How dangerous is this man?
I went into bat for him the other day.
On the screens, harm on harm. In a world run out of control. In a besieged population.
The German and French leaders have urged Russia to exert "maximum pressure" on Syria for an "immediate" implementation of a UN ceasefire in the war-ravaged country, according to the German government.
German Chancellor Angela Merkel and French President Emmanuel Macron stressed in a telephone call with Russian President Vladimir Putin "that it is crucial that the (UN) resolution be implemented quickly and comprehensively," Ms Merkel's office said in a statement.
The UN Security Council demanded a 30-day truce across Syria yesterday, as one of the deadliest air assaults of the seven-year war pounded the rebel enclave of Eastern Ghouta, outside Damascus.
Nothing could equal the pain of another place. The US led Coalition, of which Australia was the second largest contributor, continued its deadly assaults on chosen enemies.

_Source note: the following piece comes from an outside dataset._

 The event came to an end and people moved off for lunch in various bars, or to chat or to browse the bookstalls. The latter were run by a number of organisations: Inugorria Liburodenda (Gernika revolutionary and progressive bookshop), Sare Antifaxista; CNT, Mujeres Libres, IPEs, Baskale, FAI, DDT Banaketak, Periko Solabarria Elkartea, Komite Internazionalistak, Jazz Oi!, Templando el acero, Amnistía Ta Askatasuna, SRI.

BEIRUT: Air strikes on the last pocket of Islamic State jihadists in eastern Syria have killed at least 25 civilians, including seven children, a monitor said on Monday.

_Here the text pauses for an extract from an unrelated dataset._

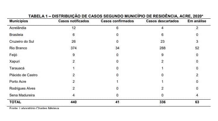 Com um caso a menos que o divulgado pelo Ministério da Saúde, o boletim da Secretaria Estadual de Saúde (Sesacre) reconhece que o número de casos confirmados aumentou nas últimas 24 horas.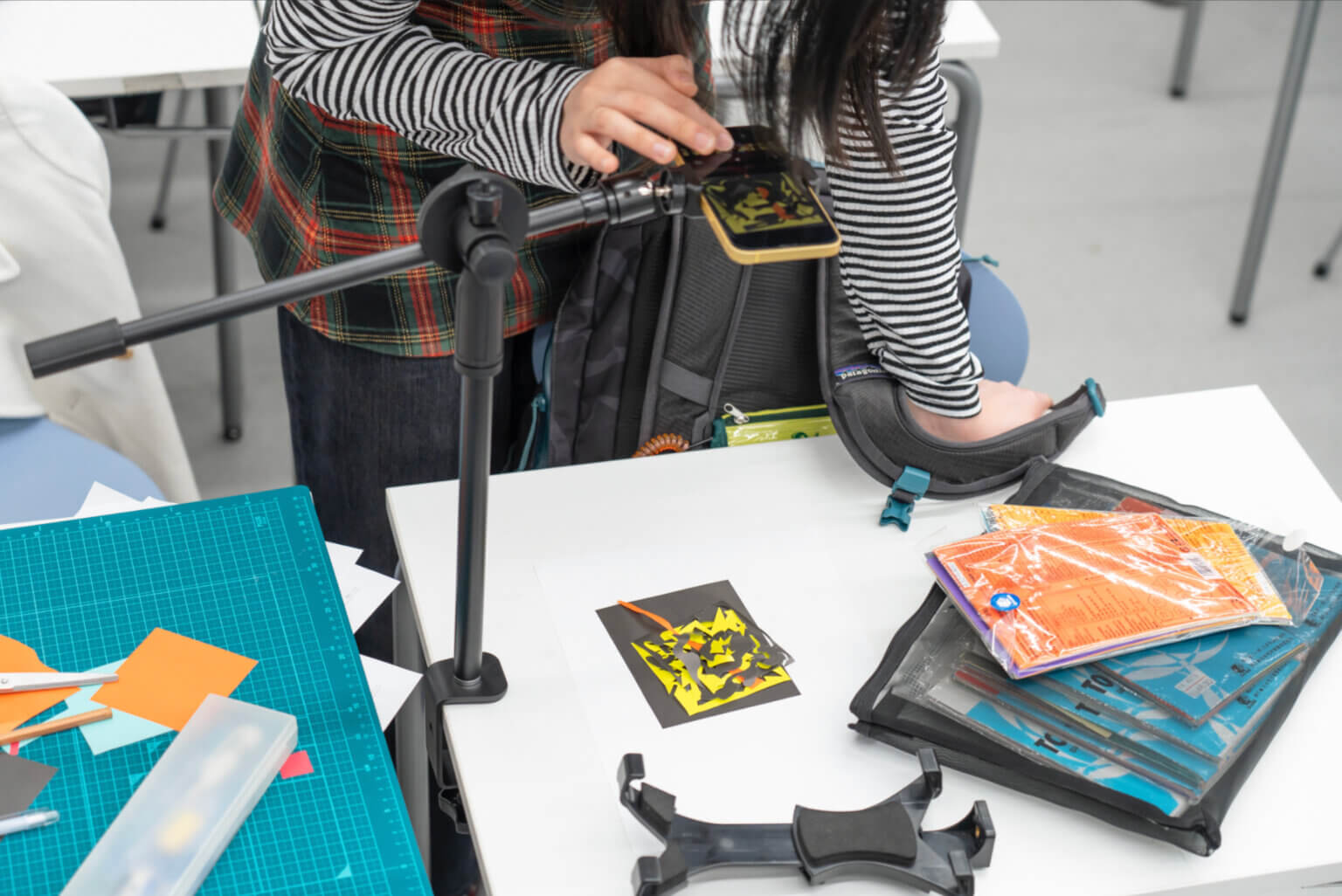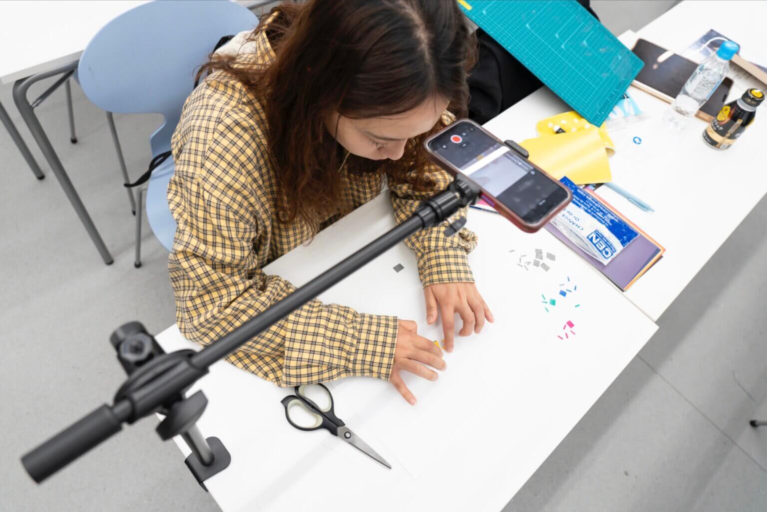 身の回りにある音を採取し、その音に合わせてストップモーションアニメをつけていきます。アニメーションは複数の画像の集まりです。その原理を手を動かして理解しつつ、映像を作り出してみます。

The strikes were conducted on Sunday on and around the village of Al-Shaafah, north of the former IS bastion of Albu Kamal near the border with Iraq, the Syrian Observatory for Human Rights said.

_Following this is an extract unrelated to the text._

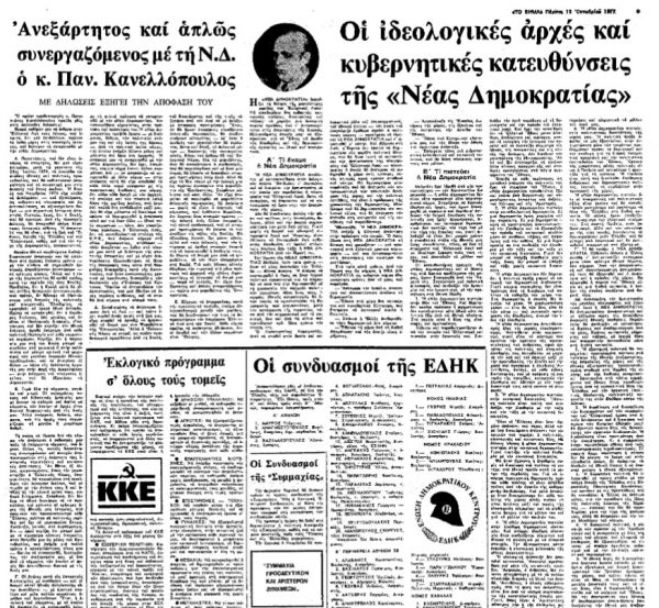 Πριν από 48 ολόκληρα χρόνια, στις 4 Οκτωβρίου 1974, δημοσιοποιήθηκε η ιδρυτική διακήρυξη της Νέας Δημοκρατίας, του κόμματος που επέπρωτο να αναδείξει κατά τη διάρκεια των μεταπολιτευτικών χρόνων επτά πρωθυπουργούς (Κωνσταντίνο Καραμανλή, Γεώργιο Ράλλη, Τζαννή Τζαννετάκη, Κωνσταντίνο Μητσοτάκη, Κώστα Καραμανλή, Αντώνη Σαμαρά και Κυριάκο Μητσοτάκη) και να διαμορφώσει σε καθοριστικό βαθμό το ελληνικό πολιτικό σκηνικό επί μισό σχεδόν αιώνα.

The head of the Britain-based Observatory, Rami Abdel Rahman, said the air strikes were carried out by the US-led coalition.
“Twenty-five civilians, including seven children, were killed in the village of Al-Shaafah and in surrounding desert areas in coalition strikes all through Sunday,” he said.
“This village is in the last pocket controlled by IS in the east of Syria,” he said of Al-Shaafah, which lies on the eastern bank of the Euphrates River.
In Australia the White Flight was on.
The cities were destroyed. Or handed over to the hordes. The leftwing dreams of a multicultural paradise were dead. The government narrative a lie. In the ruins, trouble stirred.
The Prime Minister Malcolm Turnbull had returned from what many hoped was a valedictory tour to sup at the Trump Table. Another supplicant in the halls of power.
Despite the ready available of the best of everything, he was growing thinner, tenser, his hair disappearing.
"Bill Shorten has been informed."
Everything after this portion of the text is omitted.